Linear SVMs (dual form, for $l$ support vectors with dual coefficients $a_i$ and classes $y_i$):

\[\mathcal{L}_{Dual} (a_i) = \sum_{i=1}^{l} a_i - \frac{1}{2} \sum_{i,j=1}^{l} a_i a_j y_i y_j (\mathbf{x_i} . \mathbf{x_j}) \]

Kernelized SVM, using any existing kernel $k$ we want:

\[\mathcal{L}_{Dual} (a_i, k) = \sum_{i=1}^{l} a_i - \frac{1}{2} \sum_{i,j=1}^{l} a_i a_j y_i y_j k(\mathbf{x_i},\mathbf{x_j}) \]

Show code cell source Hide code cell source

from sklearn import svm

def plot_svm_kernels(kernels, poly_degree=3, gamma=2, C=1, size=4):
    # Our dataset and targets
    X = np.c_[(.4, -.7),
              (-1.5, -1),
              (-1.4, -.9),
              (-1.3, -1.2),
              (-1.1, -.2),
              (-1.2, -.4),
              (-.5, 1.2),
              (-1.5, 2.1),
              (1, 1),
              # --
              (1.3, .8),
              (1.2, .5),
              (.2, -2),
              (.5, -2.4),
              (.2, -2.3),
              (0, -2.7),
              (1.3, 2.1)].T
    Y = [0] * 8 + [1] * 8

    # figure number
    fig, axes = plt.subplots(-(-len(kernels)//3), min(len(kernels),3), figsize=(min(len(kernels),3)*size*1.2*fig_scale, -(-len(kernels)//3)*size*fig_scale), tight_layout=True)
    if len(kernels) == 1:
        axes = np.array([axes])
    if not isinstance(gamma,list):
        gamma = [gamma]*len(kernels)
    if not isinstance(C,list):
        C = [C]*len(kernels)
    # fit the model
    for kernel, ax, g, c in zip(kernels,axes.reshape(-1),gamma,C):
        clf = svm.SVC(kernel=kernel, gamma=g, C=c, degree=poly_degree)
        clf.fit(X, Y)

        # plot the line, the points, and the nearest vectors to the plane
        if kernel == 'rbf':
            ax.set_title(r"kernel = {}, $\gamma$={}, C={}".format(kernel, g, c), pad=0.1)
        else:
            ax.set_title('kernel = %s' % kernel,pad=0.1)

        ax.scatter(clf.support_vectors_[:, 0], clf.support_vectors_[:, 1],
                    s=25, edgecolors='grey', c='w', zorder=10, linewidths=0.5)
        ax.scatter(X[:, 0], X[:, 1], c=Y, zorder=10, cmap=plt.cm.bwr, s=10*fig_scale)

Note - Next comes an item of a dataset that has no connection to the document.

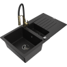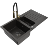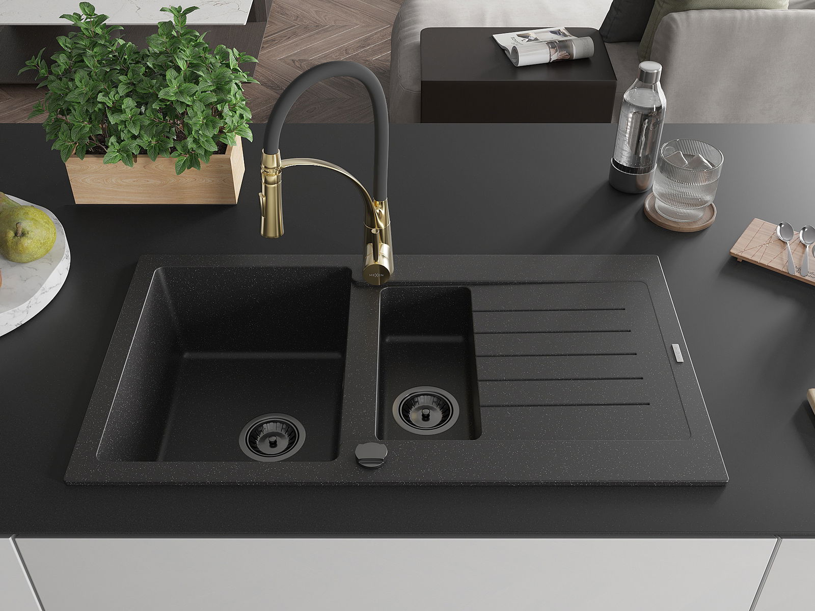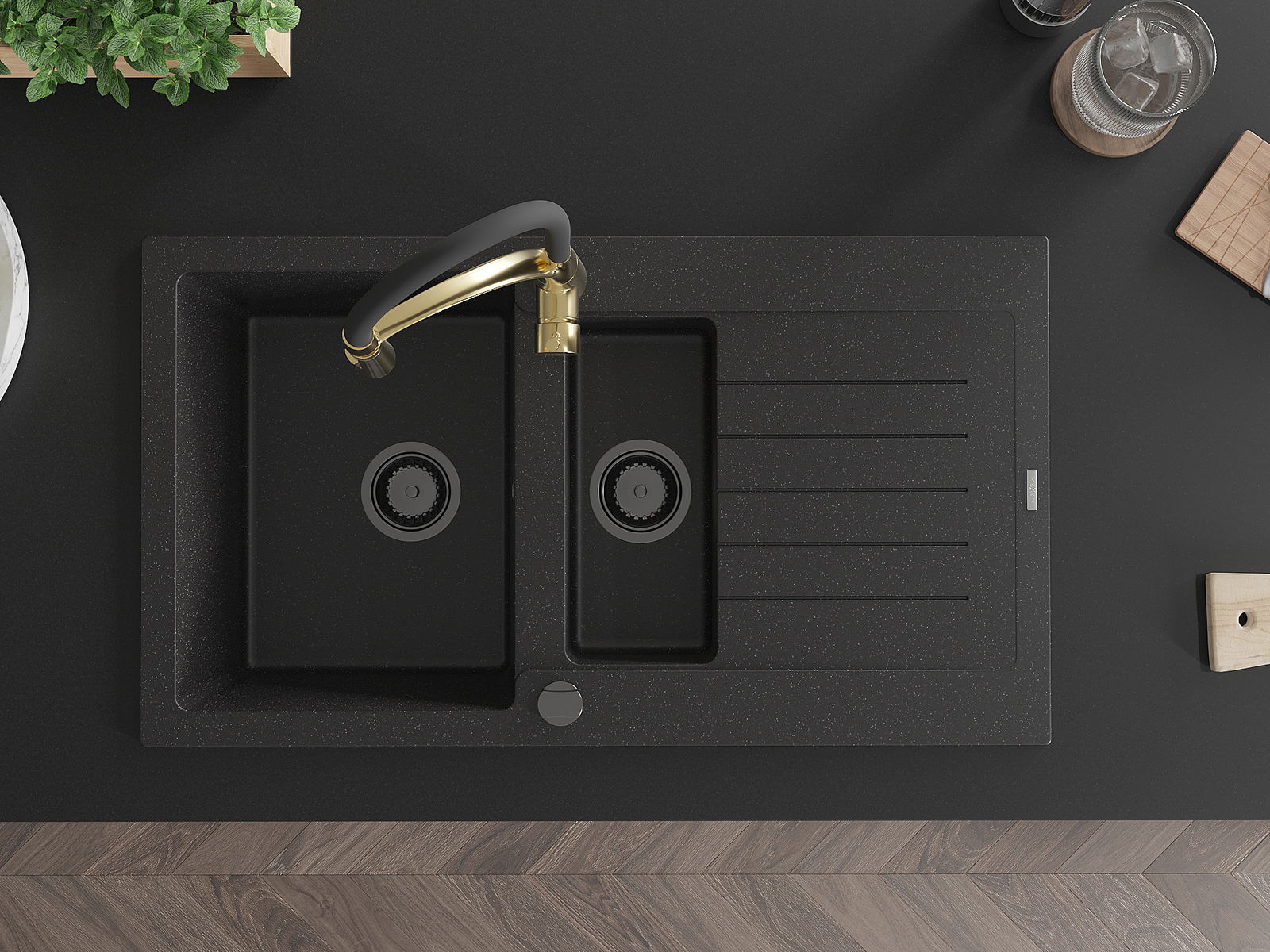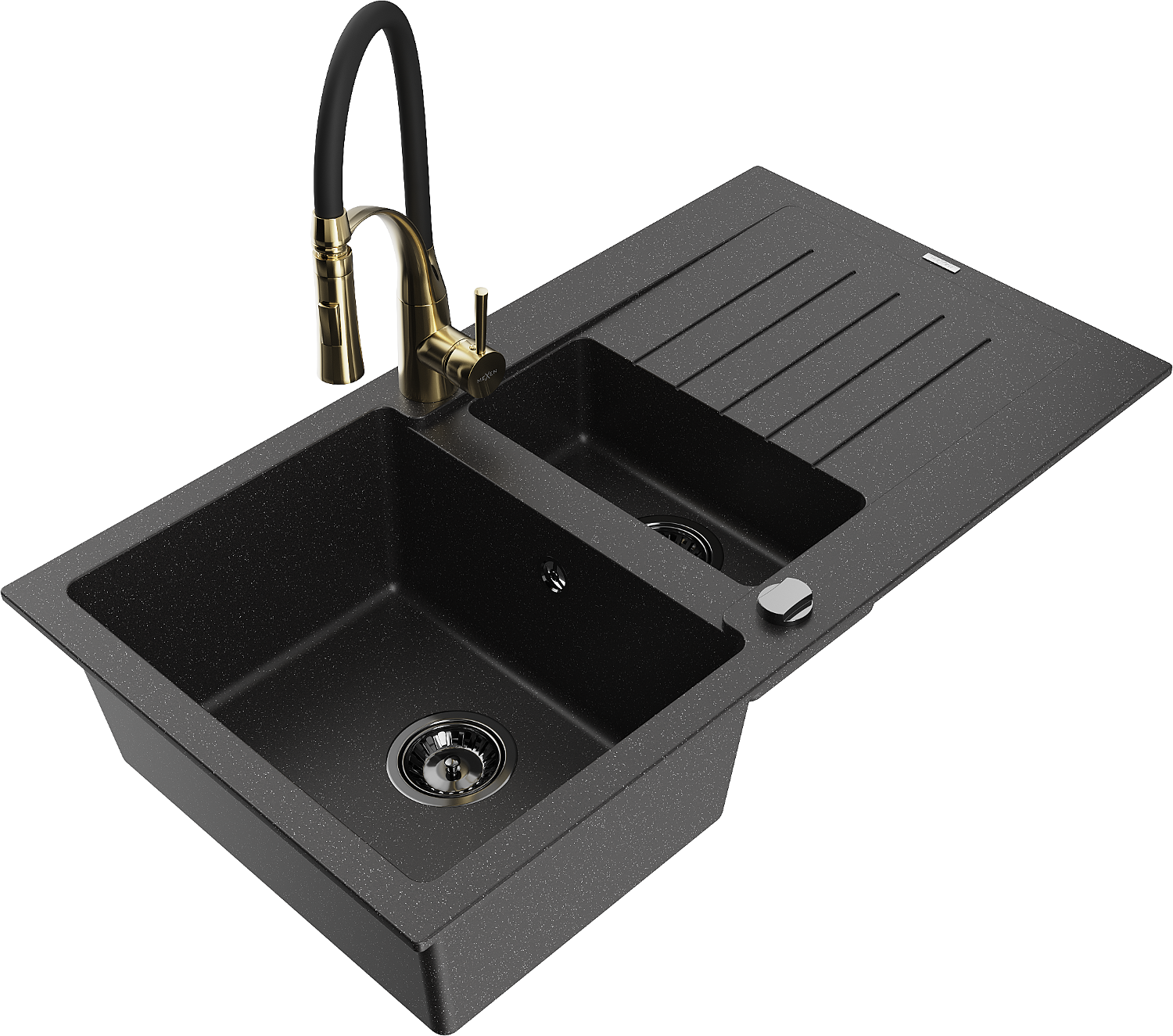 Mexen Matias zlewozmywak granitowy 1,5-komorowy z ociekaczem i baterią kuchenną Aster, czarny/srebrny - 6502-73-73450-57-B

        for i, coef in enumerate(clf.dual_coef_[0]):
            ax.annotate("%0.2f" % (coef), (clf.support_vectors_[i, 0]+0.1,clf.support_vectors_[i, 1]+0.25), zorder=11, fontsize=3)

        ax.axis('tight')
        x_min = -3
        x_max = 3
        y_min = -3
        y_max = 3

        XX, YY = np.mgrid[x_min:x_max:200j, y_min:y_max:200j]
        Z = clf.decision_function(np.c_[XX.ravel(), YY.ravel()])

        # Put the result into a color plot
        Z = Z.reshape(XX.shape)
        #plt.pcolormesh(XX, YY, Z > 0, cmap=plt.cm.bwr, alpha=0.1)
        ax.contour(XX, YY, Z, colors=['k', 'k', 'k', 'k', 'k'], linestyles=['--', ':', '-', ':', '--'],
                    levels=[-1, -0.5, 0, 0.5, 1])

        ax.set_xlim(x_min, x_max)
        ax.set_ylim(y_min, y_max)

        ax.set_xticks([])
        ax.set_yticks([])

    plt.tight_layout()
    plt.show()
plot_svm_kernels(['linear', 'poly'],poly_degree=3,size=3.5)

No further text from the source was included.